— ASSIGNMENT —
When you copy the entries, keep every word exactly as it is and drop the images.

— INFORMATION —
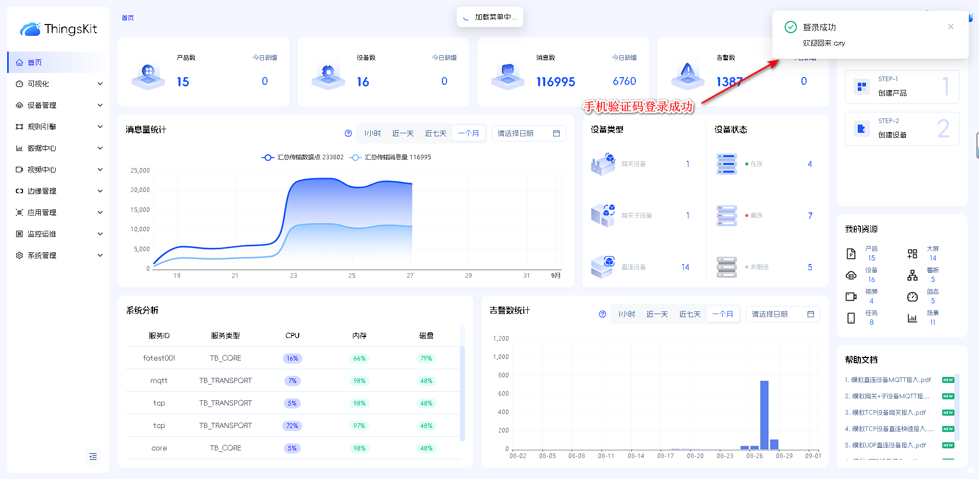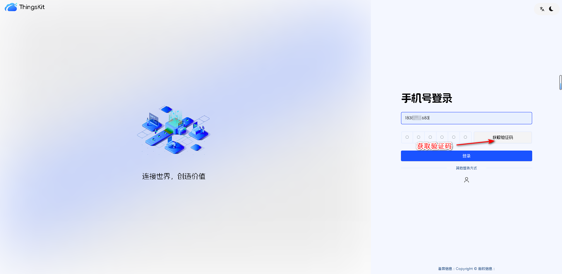 填入租户管理员手机号后点击获取验证码,将收到验证码填入,点击登录按钮,此时成功登录租户管理员账号。
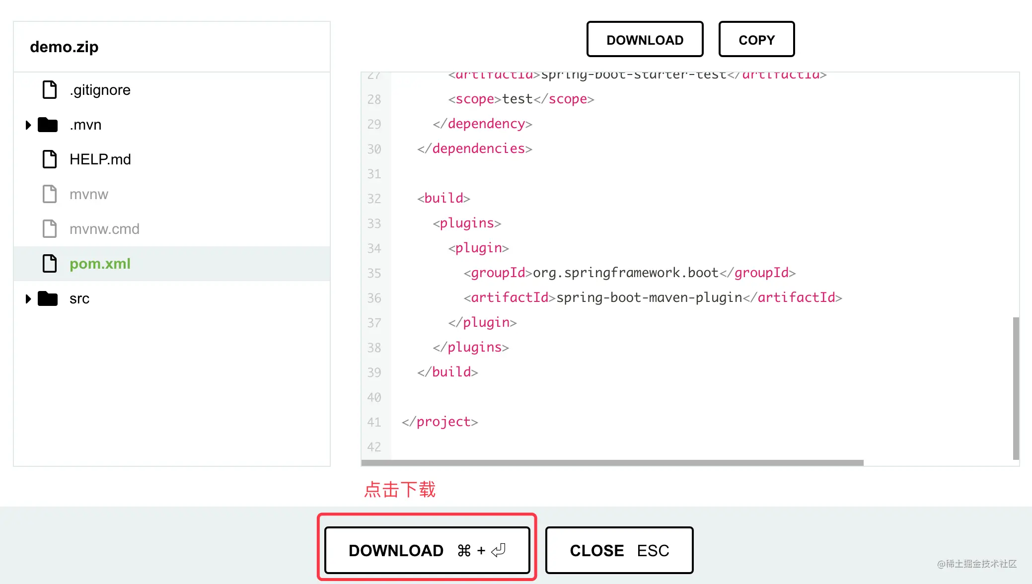 打开新生成的springboot项目,可以看到pom.xml里面只有少数几个依赖:
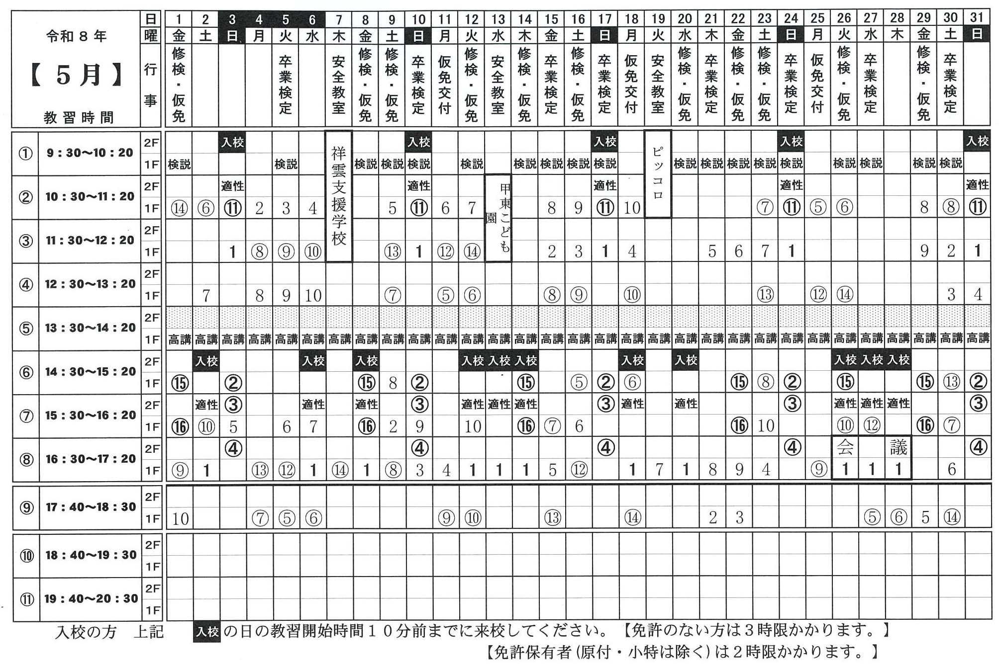 5月の予定表を更新しました。教習案内にてご確認ください。
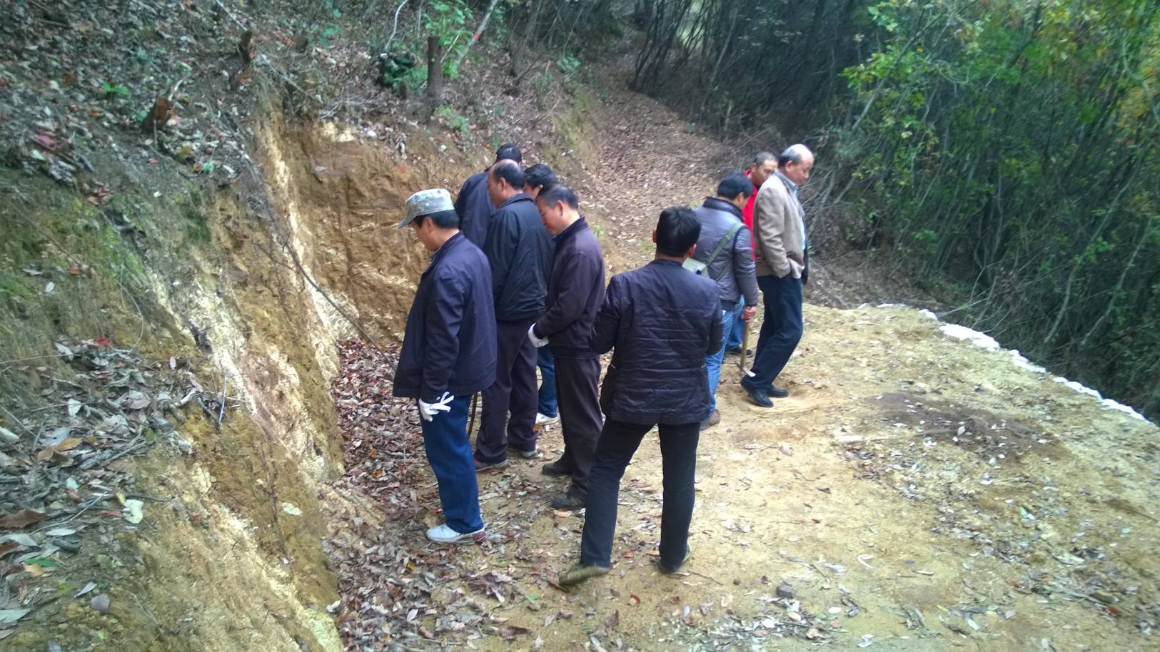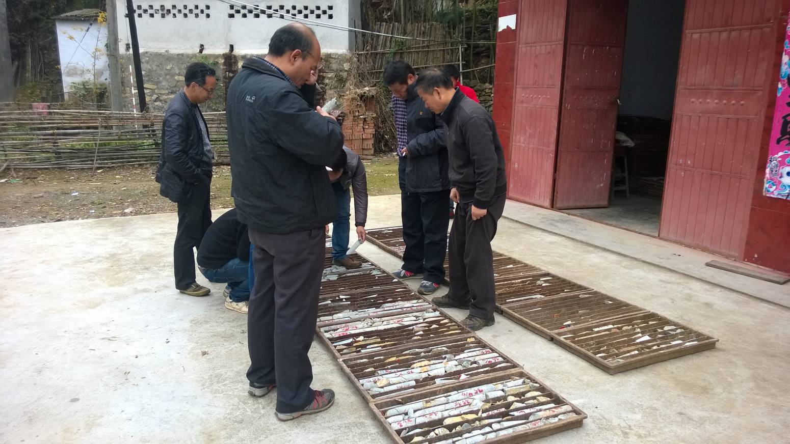 11月14日,西北監理辦專家檢查組在大隊總工李世偉的陪同下,到秋樹坪地區實地檢查了槽、鉆探工程質量,觀看了巖心。
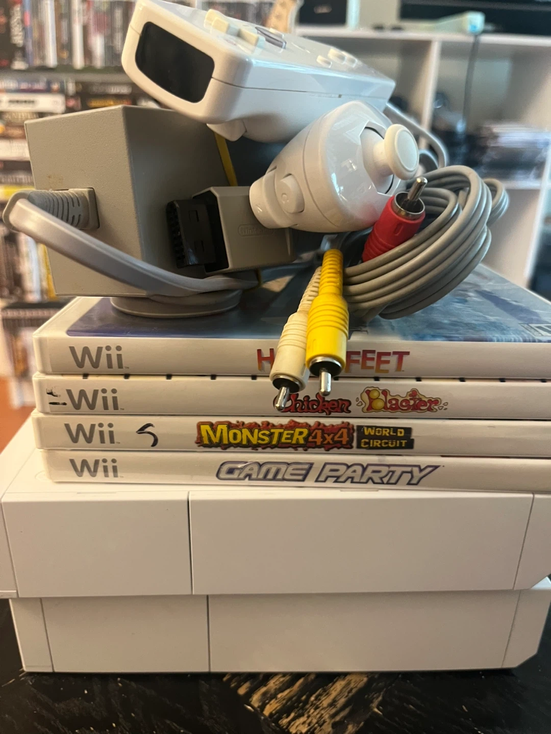 Includes Nintendo Wii console and four games: High Score Feet, Chicken Blaster, Monster 4x4 World Circuit, and Game Party. Comes with controllers and AV cables.
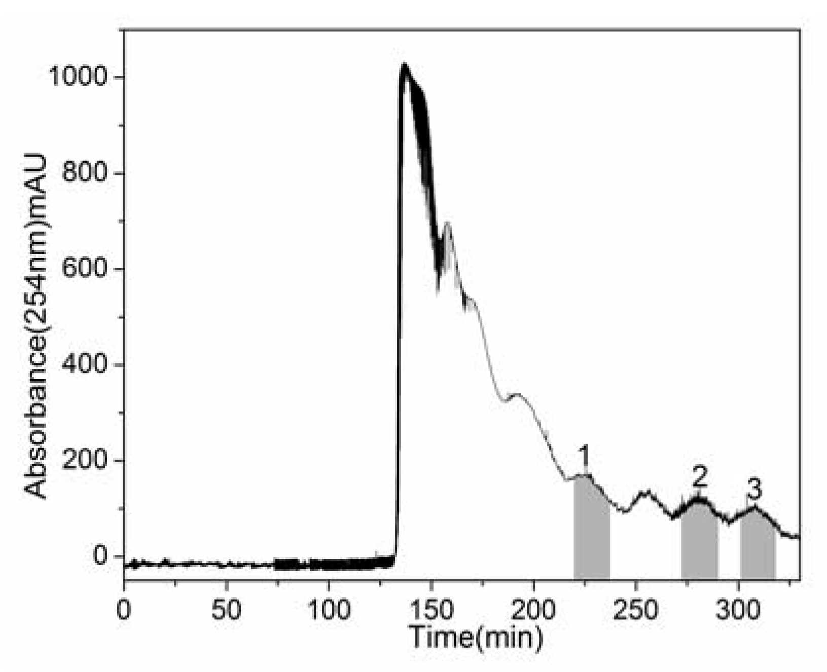 HSCCC separation chromatogram of n-butanol fraction of the Eupatorium lindleyanum DC. ethanol extract. Solvent system: n-hexane-ethyl acetate-methanol-water (1:4:2:3, v/v/v/v); flow rate: 2.0 mL/min; revolution speed: 900 rpm; detection wavelength: 254 nm; column temperature: 25 °C; sample: 540 mg of n-butanol fraction dissolved in 10 mL two-phase solvent system. Peaks 1, 2 and 3 correspond to 3β-hydroxy-8β-[4'-hydroxytigloyloxy]-costunolide, eupalinolide A and eupalinolide B, respectively.

— RESPONSE BELOW —
 填入租户管理员手机号后点击获取验证码,将收到验证码填入,点击登录按钮,此时成功登录租户管理员账号。
 打开新生成的springboot项目,可以看到pom.xml里面只有少数几个依赖:
 5月の予定表を更新しました。教習案内にてご確認ください。
 11月14日,西北監理辦專家檢查組在大隊總工李世偉的陪同下,到秋樹坪地區實地檢查了槽、鉆探工程質量,觀看了巖心。
 Includes Nintendo Wii console and four games: High Score Feet, Chicken Blaster, Monster 4x4 World Circuit, and Game Party. Comes with controllers and AV cables.
 HSCCC separation chromatogram of n-butanol fraction of the Eupatorium lindleyanum DC. ethanol extract. Solvent system: n-hexane-ethyl acetate-methanol-water (1:4:2:3, v/v/v/v); flow rate: 2.0 mL/min; revolution speed: 900 rpm; detection wavelength: 254 nm; column temperature: 25 °C; sample: 540 mg of n-butanol fraction dissolved in 10 mL two-phase solvent system. Peaks 1, 2 and 3 correspond to 3β-hydroxy-8β-[4'-hydroxytigloyloxy]-costunolide, eupalinolide A and eupalinolide B, respectively.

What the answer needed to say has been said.